Reach for `polars-io-tools` when you want Polars' lazy API over data that lives in an
external store, and you care about *not* fetching rows or columns you will immediately
throw away. It is most valuable for large, partitioned, or remote datasets where a
filter on a date or key column should translate into a smaller query against the
source. If your data already fits comfortably in memory or lives in local Parquet/CSV,
plain Polars is the simpler choice.

## Installation

```bash
pip install polars-io-tools
```

`polars-io-tools` requires Python 3.11 or newer.
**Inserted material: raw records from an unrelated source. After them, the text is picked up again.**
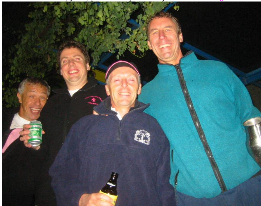
"Last thing the sidewalk sees before you vomit on it"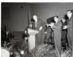
Kennedy speaking at Washington College (MS 0045-262)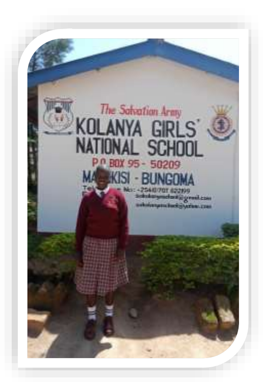
A BRIGHT YOUNG GIRL WE ARE SUPPORTING IN KENYA THROUGH SHESHINES MEMORIAL FOUNDATION.

We also continue to fund indigenous interns with the Christian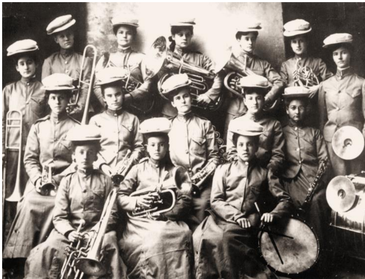
Perkins Ladies' Band, Guthrie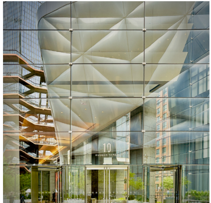
Color Digital 2nd place by Susan Poston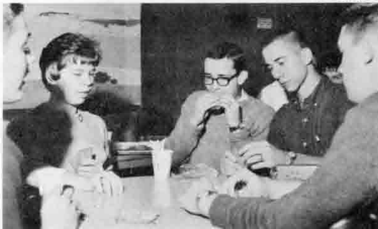
ITS ALWAYS FUN but now its legal. Since the Senate suspended the rule prohibiting card-playing, students now enjoy gaming privileges while they eat.

A higher percentage of deficiencies was reported among students on probation, with negligible difference between the two classes. Close to 75% of the students on probation received deficiencies, with 73.8% of the sophomores on probation receiving them compared to 75% of the freshmen.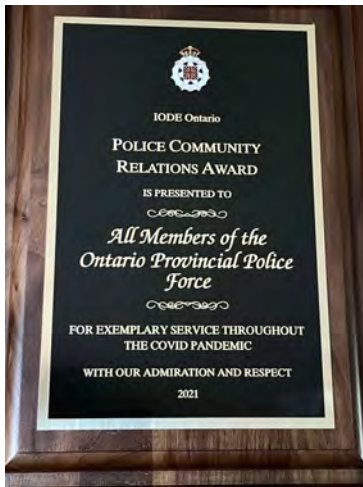
2022 OPP Community Relations Award Plaque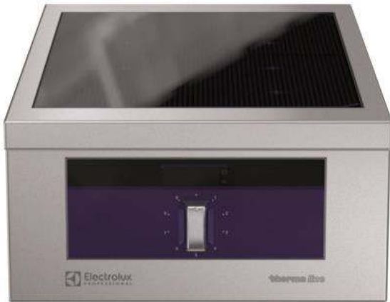
588686 (MBRABFOBO) Electric Warming Plate, 1-sided operated with backsplash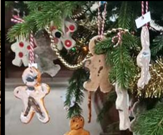
12 Woodland Corner – Nayland Playgroup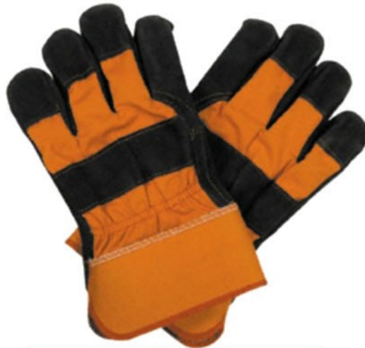
Code : SS-1707

Canadian style work gloves made by cow split leather and rubberized fabric cuff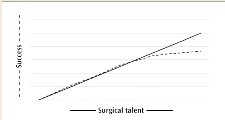
FIGURE 1. EMOTIONAL INTELLIGENCE, TEAMBUILDING

Adapted from: Gladwell M. Outliers: The Story of Success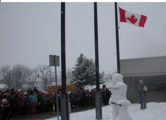
RES students and staff pause on Feb. 15th for our Flag Raising Ceremony to mark national Flag Day.

RES' staff will continue to ensure that their classroom windows are opened at least twice a day to allow a flow of fresh air to ribbon through our classes and corridors. Further information on Radon is available on the New Brunswick Department of Health website at http://www.gnb.ca/0053/radon/index-e.asp .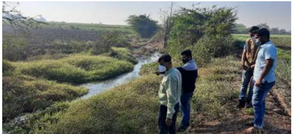
Site @ Digrajwadi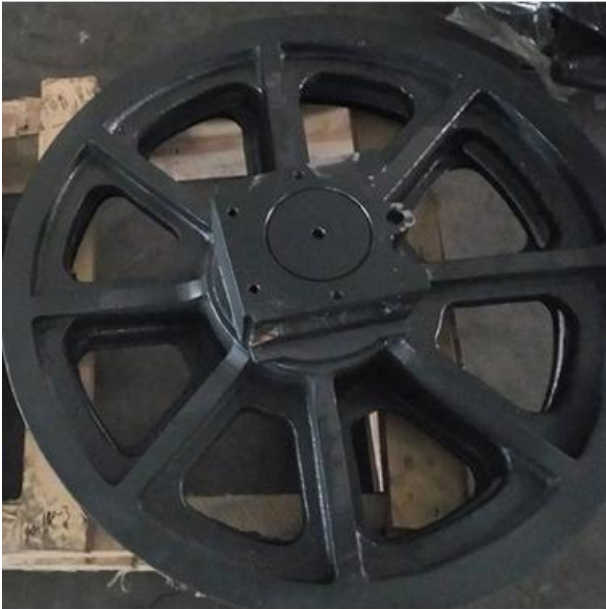
2pcs Sprockets are packed in one Pallet

See the
[Installation guide](https://github.com/Point72/polars-io-tools/wiki/Installation)
for `conda` and source builds.

## Quickstart

Importing the package registers the `piot` namespace on every Polars `LazyFrame`:

```python
import polars as pl
import polars_io_tools  # registers the .piot namespace

left = pl.LazyFrame({"x": [1, 2, 3], "y": [4, 5, 6]})
right = pl.LazyFrame({"x": [-1, -2, 3], "z": [7, 8, 9]})

# An inner join where the keys present on the left are pushed down as a
# filter on the right frame *before* the join runs.
result = left.piot.filtered_join(right, on="x").collect()
print(result)
# shape: (1, 3)
# ┌─────┬─────┬─────┐
# │ x   ┆ y   ┆ z   │
# │ --- ┆ --- ┆ --- │
# │ i64 ┆ i64 ┆ i64 │
# ╞═════╪═════╪═════╡
# │ 3   ┆ 6   ┆ 9   │
# └─────┴─────┴─────┘
```

For a guided walkthrough, start with the
[Getting Started tutorial](https://github.com/Point72/polars-io-tools/wiki/Getting-Started).

## What's included

- **Lazy I/O sources with predicate & projection pushdown** — `scan_db` (any
  ODBC database), `scan_clickhouse`, `scan_datadog`, `scan_delta`, and `from_narwhals`.
  Filters on the resulting `LazyFrame` are translated into the source's own query
  language (SQL `WHERE`, Datadog time ranges, Delta partition pruning) so only the
  matching rows and columns are fetched.
- **Lazy writers** — `sink_delta` and `sink_clickhouse` write a `LazyFrame` directly to
  Delta Lake or ClickHouse, including streaming/chunked writes and transparent handling
  of types the target store cannot represent natively.
- **Pushdown-preserving query building** — `filtered_join`, `filtered_join_asof`,
  `join_between`, `multi_source`, `concat_named`, and `ts_with_columns` express joins,
  multi-source composition, and rolling/lookback time-series logic without blocking the
  filter pushdown that those operations normally defeat.
- **Caching** — `cache` keeps an in-memory, column- and partition-level cache for
  iterative work; `cache_parquet` materializes date-partitioned Parquet on local disk
  or S3, fetching only the partitions a query needs.
- **Distributed execution** — `execute_on_ray` splits a `LazyFrame` by calendar period
  and runs the partitions across an existing Ray cluster.
- **Ergonomics** — `iter_rows` for memory-efficient row iteration, `debug` to inspect
  what Polars pushes into a source, and `disable_optimizations` to compare against plain
  Polars.

## Documentation

Full documentation lives in the
[project wiki](https://github.com/Point72/polars-io-tools/wiki):

- [Getting Started](https://github.com/Point72/polars-io-tools/wiki/Getting-Started) — a guided tutorial.
- [Reading and Writing Data](https://github.com/Point72/polars-io-tools/wiki/Reading-and-Writing-Data) — recipes for each I/O source and sink.
- [Query Optimization](https://github.com/Point72/polars-io-tools/wiki/Query-Optimization) — joins, composition, time-series, and caching.
- [Distributed Execution](https://github.com/Point72/polars-io-tools/wiki/Distributed-Execution) — running on Ray.
- [API Reference](https://github.com/Point72/polars-io-tools/wiki/API-Reference) — the public functions and `piot` namespace.
- [Concepts](https://github.com/Point72/polars-io-tools/wiki/Concepts) — how predicate pushdown into custom sources works.

## Contributing

Contributions are welcome. See the
[Contributing guide](https://github.com/Point72/polars-io-tools/wiki/Contribute)
and [Local Development Setup](https://github.com/Point72/polars-io-tools/wiki/Local-Development-Setup)
to get started.

## License

`polars-io-tools` is licensed under the [Apache 2.0 license](LICENSE).